3. (68) Martin Emerson, CB
3. (78) Alex Wright, DE
3. (99) David Bell, WR
4. (108) Perrion Winfrey, DT
4. (124) Cade York, K
5. (156) Jerome Ford, RB
6. (202) Michael Woods, WR
7. (223) Isaiah Thomas, DE
7. (246) Dawson Deaton, OL
QB Deshaun Watson, WR Amari Cooper, WR Jakeem Grant, OL Chris Hubbard, LB Anthony Walker, QB Jacoby Brissett, DE Chase Winovich
WR Jarvis Landry, C JD Tretter, DE Jadeveon Clowney, TE Austin Hooper, DE Takkarist McKinley, DL Malik Jackson, C.J. Uzomah
0 carries, 0 RB targets, 168 WR targets, 61 TE targets
With Deshaun Watson
With Jacoby Brissett
Will Deshaun Watson be suspended?
I’m operating under the assumption Watson will face some sort of suspension, and this is a very different team with Watson at QB vs. Jacoby Brissett. I’m also operating under the assumption that Baker Mayfield will be traded at some point. Amari Cooper has top-10 WR upside with Watson, but you can’t draft him that high until we know how much Watson is going to play, if at all.
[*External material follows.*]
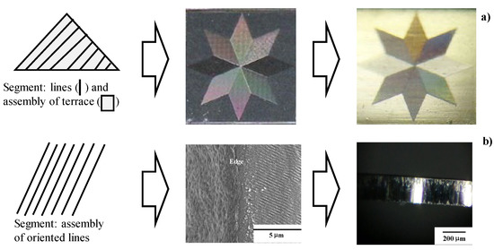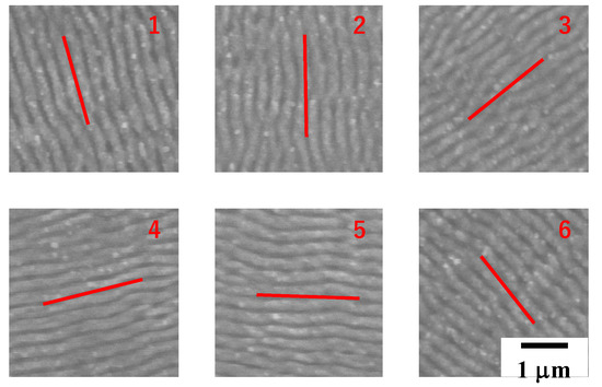 Nano-textures induced by LIPSS are controllable through optical path control. Figure 3 depicts how to control the orientation of nano-textures. The width of each LIPSS ripple is mainly determined by the pulse width. As discussed in [12,13], this orientation control of nano-textures reflects on the surface plasmonic diffraction.

Chubb seems like the safest bet here, though even his upside is diminished if the Browns’ offense is held back by Brissett. In all honesty, this might just be an offense I avoid until we have some clarity — and given that we’ll likely see a protracted battle over whatever suspension is eventually handed down, we very well may not have that clarity until the season starts.
Peoples-Jones would be a real breakout candidate if Watson were playing a whole season, but even with Brissett, he’s someone I’m interested in taking a late-round flier on. Peoples-Jones flashed upside as a big-play receiver last season, averaging a league-best 17.6 yards per catch, and he was showing signs of figuring things out over a stretch in the middle of the season where he averaged 60 yards on 3.3 catches per game, with three touchdowns in six games. Peoples-Jones is unlikely to ever be more than a touchdown-or-bust receiver unless this passing game takes a big step forward overall, but the 23-year-old could be a high-upside bench piece if he breaks out.
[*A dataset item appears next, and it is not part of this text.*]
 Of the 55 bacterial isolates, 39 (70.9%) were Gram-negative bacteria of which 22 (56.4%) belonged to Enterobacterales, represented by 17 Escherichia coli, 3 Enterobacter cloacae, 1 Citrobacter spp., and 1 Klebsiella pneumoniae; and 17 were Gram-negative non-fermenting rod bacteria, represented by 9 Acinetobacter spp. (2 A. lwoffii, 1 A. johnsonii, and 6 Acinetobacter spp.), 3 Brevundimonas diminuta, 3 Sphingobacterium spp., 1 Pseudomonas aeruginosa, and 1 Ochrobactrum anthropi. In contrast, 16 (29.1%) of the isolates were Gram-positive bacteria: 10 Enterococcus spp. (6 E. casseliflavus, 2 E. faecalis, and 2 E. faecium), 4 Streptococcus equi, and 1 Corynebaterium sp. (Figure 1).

With Austin Hooper and his 61 targets out of the way, Njoku figures to step in as the team’s primary tight end. He’ll share the field with Harrison Bryant plenty, but Njoku should be one of the team’s top options in the passing game, and if he can push to something like 90 targets, there’s a chance he’s a viable starting option at tight end this season. He’s always had the size and athleticism to be a difference maker at the position, and while this figures to remain a fairly low-volume pass offense yet again, it’s not unreasonable to think Njoku could be the No. 2 receiver here, with the potential for career-best numbers.
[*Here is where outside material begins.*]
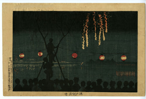 光線画の父として知られる小林清親。本作に描かれるのは、まさに光線の芸術ともいえる花火の景である。本図刊行の一年前には、同じく花火を主題とする《両国花火之図》が発表されたが、これは花火が満天に花開いた瞬間をとらえた作品であった。一方この《池の端花火》は、しゅるしゅると夜空を滑る花火であり、前者とは対照的に暗い風景である。決して華やかな作品ではない。しかしだからこそ、この闇からは夏の夜の匂いや忍び寄る秋の気配までもが感じられる。

There will almost certainly be someone in your league who is willing to take a flier on Watson unless he is suspended for the whole season, but I’ll be honest, I don’t think it makes much sense even if you want to. He didn’t play last season, he’ll be joining a new team, with players and coaches he’s never played with before and will have to do so while likely having little opportunity to practice with them much while serving the suspension. So, you’ll have to stash a guy on your bench — suspended players are not IR eligible for most Fantasy leagues and shouldn’t be — who you won’t know can actually still produce at a high level in this new environment until he proves it. The juice isn’t worth the squeeze.